[Exercise brief]
Although the records contain pictures, none belong in the copy: restate word for word only the lines from the one with "MAKE A MEME" through the one with "Заключение №20/17 о", both included.

== Listed records

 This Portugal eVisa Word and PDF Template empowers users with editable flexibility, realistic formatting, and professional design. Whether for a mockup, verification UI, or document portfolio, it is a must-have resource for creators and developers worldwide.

====
== Listed records

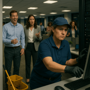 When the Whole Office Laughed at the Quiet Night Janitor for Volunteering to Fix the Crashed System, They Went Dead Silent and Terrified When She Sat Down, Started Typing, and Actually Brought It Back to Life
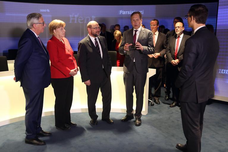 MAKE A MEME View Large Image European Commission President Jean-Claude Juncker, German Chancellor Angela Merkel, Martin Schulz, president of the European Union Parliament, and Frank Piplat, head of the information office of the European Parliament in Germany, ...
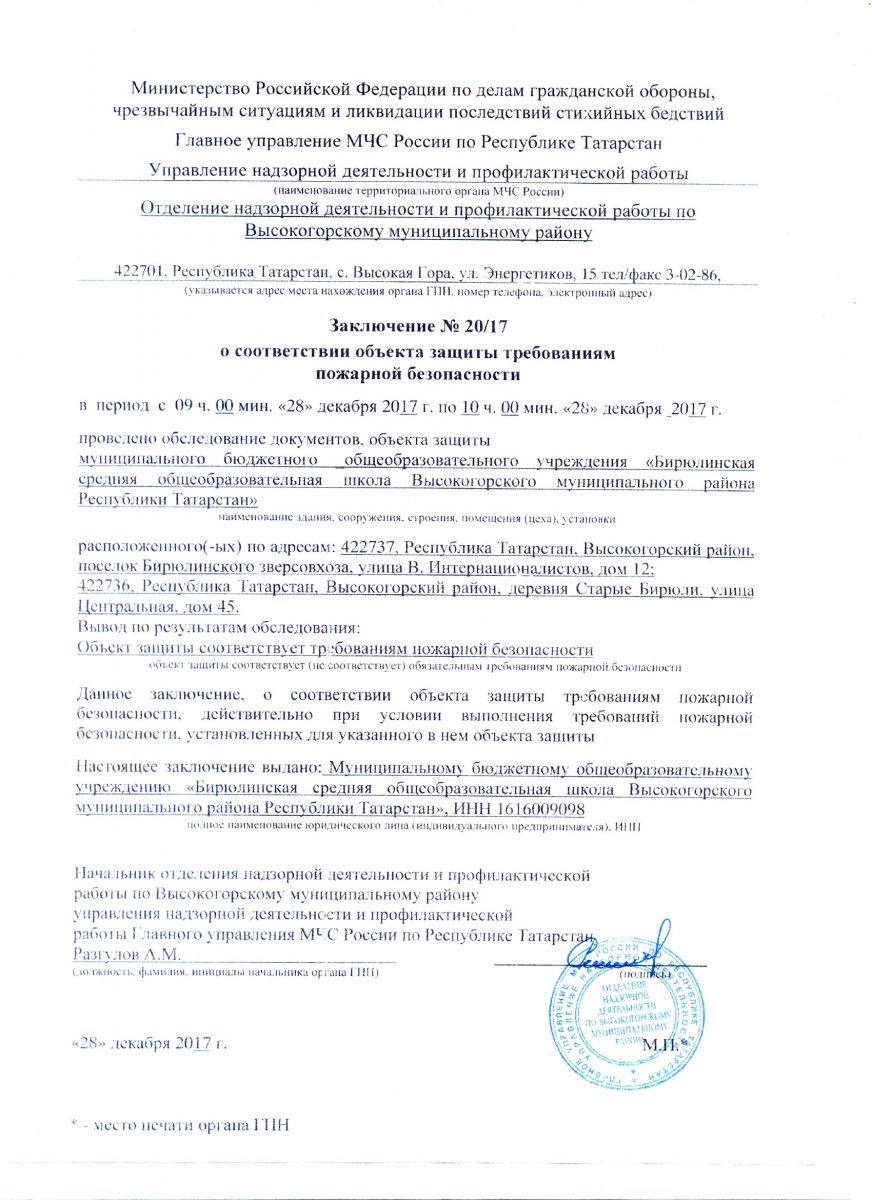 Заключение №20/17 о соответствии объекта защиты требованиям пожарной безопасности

====

[Result]
 MAKE A MEME View Large Image European Commission President Jean-Claude Juncker, German Chancellor Angela Merkel, Martin Schulz, president of the European Union Parliament, and Frank Piplat, head of the information office of the European Parliament in Germany, ...
 Заключение №20/17 о соответствии объекта защиты требованиям пожарной безопасности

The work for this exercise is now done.